Now, as to why I like Eclipse. First, it dynamically gives you updates on errors, before you run your code. Second, it also tells you if a variable or imported module is not used, or even available in your Python environment. This is extremely helpful, especially when you are trying to modify code that you found on the Internet.

Also, and this wasn’t obvious to me at first, but I LOVE the idea of projects. If I am testing code, learn new tricks, see code examples that may be applicable for a task, I save the scripts in the applicable project. For example, I want to collect alot of data for professional sports, so I created a project for each sport of interest. Essentially, it allows me to organize my work. I can even insert text files as a reminder of things I want to do, need to learn or have learned. Now, it goes without saying that this probably isn’t the proper use, but hey, it works for me.

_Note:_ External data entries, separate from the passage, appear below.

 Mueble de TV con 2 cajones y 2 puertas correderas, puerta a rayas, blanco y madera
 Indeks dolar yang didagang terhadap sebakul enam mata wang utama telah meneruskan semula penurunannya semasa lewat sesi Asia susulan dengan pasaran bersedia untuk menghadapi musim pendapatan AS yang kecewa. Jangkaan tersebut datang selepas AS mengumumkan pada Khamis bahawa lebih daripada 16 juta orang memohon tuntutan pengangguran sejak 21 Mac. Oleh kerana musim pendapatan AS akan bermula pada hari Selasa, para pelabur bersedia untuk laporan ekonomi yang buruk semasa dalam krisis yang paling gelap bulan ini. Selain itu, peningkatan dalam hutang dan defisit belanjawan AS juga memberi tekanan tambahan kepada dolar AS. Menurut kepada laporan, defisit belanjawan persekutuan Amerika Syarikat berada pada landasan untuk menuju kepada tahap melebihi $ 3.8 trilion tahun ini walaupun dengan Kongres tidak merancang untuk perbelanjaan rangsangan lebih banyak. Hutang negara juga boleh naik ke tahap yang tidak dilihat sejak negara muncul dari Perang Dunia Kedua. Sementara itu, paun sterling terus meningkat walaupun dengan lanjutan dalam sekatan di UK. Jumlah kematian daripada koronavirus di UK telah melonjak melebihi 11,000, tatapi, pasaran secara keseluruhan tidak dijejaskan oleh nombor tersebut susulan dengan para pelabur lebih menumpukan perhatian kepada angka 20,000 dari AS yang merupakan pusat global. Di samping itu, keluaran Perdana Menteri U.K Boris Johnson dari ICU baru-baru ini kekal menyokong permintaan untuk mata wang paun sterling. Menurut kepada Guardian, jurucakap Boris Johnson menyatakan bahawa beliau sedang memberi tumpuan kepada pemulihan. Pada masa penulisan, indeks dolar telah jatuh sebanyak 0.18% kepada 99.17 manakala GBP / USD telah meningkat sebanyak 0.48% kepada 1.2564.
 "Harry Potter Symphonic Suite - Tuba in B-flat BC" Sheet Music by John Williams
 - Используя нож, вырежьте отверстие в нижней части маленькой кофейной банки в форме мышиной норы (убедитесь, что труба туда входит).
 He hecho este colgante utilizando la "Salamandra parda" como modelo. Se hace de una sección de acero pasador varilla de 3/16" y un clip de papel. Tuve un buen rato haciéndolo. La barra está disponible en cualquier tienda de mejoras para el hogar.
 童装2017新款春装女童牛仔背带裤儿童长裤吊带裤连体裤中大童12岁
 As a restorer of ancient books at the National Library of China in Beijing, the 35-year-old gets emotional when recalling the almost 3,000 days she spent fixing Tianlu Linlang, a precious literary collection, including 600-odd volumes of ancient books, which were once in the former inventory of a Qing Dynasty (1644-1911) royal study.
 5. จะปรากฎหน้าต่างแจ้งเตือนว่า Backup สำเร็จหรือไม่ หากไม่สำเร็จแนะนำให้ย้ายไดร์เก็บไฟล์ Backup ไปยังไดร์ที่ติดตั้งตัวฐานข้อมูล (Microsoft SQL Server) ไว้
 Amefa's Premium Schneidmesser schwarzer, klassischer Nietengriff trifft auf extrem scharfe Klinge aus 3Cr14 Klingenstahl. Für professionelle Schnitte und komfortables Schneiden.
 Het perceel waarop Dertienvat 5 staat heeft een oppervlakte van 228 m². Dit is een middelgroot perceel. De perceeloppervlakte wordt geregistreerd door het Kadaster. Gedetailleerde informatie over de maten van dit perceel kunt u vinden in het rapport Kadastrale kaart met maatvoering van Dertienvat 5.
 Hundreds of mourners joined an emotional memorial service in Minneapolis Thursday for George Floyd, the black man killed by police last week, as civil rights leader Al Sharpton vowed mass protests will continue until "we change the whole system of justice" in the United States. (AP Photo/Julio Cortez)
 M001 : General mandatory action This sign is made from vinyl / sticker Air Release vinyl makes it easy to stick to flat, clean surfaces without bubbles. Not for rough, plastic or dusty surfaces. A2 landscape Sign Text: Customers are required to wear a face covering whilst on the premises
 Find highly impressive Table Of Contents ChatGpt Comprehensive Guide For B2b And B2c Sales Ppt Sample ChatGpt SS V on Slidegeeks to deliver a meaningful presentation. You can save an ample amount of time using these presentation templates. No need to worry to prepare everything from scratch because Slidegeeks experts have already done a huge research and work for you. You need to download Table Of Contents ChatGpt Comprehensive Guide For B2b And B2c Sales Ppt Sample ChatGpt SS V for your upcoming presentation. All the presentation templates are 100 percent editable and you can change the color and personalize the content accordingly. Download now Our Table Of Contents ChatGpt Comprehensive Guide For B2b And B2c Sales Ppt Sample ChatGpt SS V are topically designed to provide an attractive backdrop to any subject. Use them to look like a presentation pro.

Either way, I think I am really going to like developing in Eclipse. My errors are obvious (I had a hard time deciphering errors in PythonWin) so fixing my code will be easier. There are “tooltips” that help you complete code, which is something I was used to when writing VBA. Finally, I love that I can keep all of my scripts organized together. I will keep you posted if my opinion changes, but as of now, I would GREATLY recommend Eclipse for someone who is trying to learn a programming language.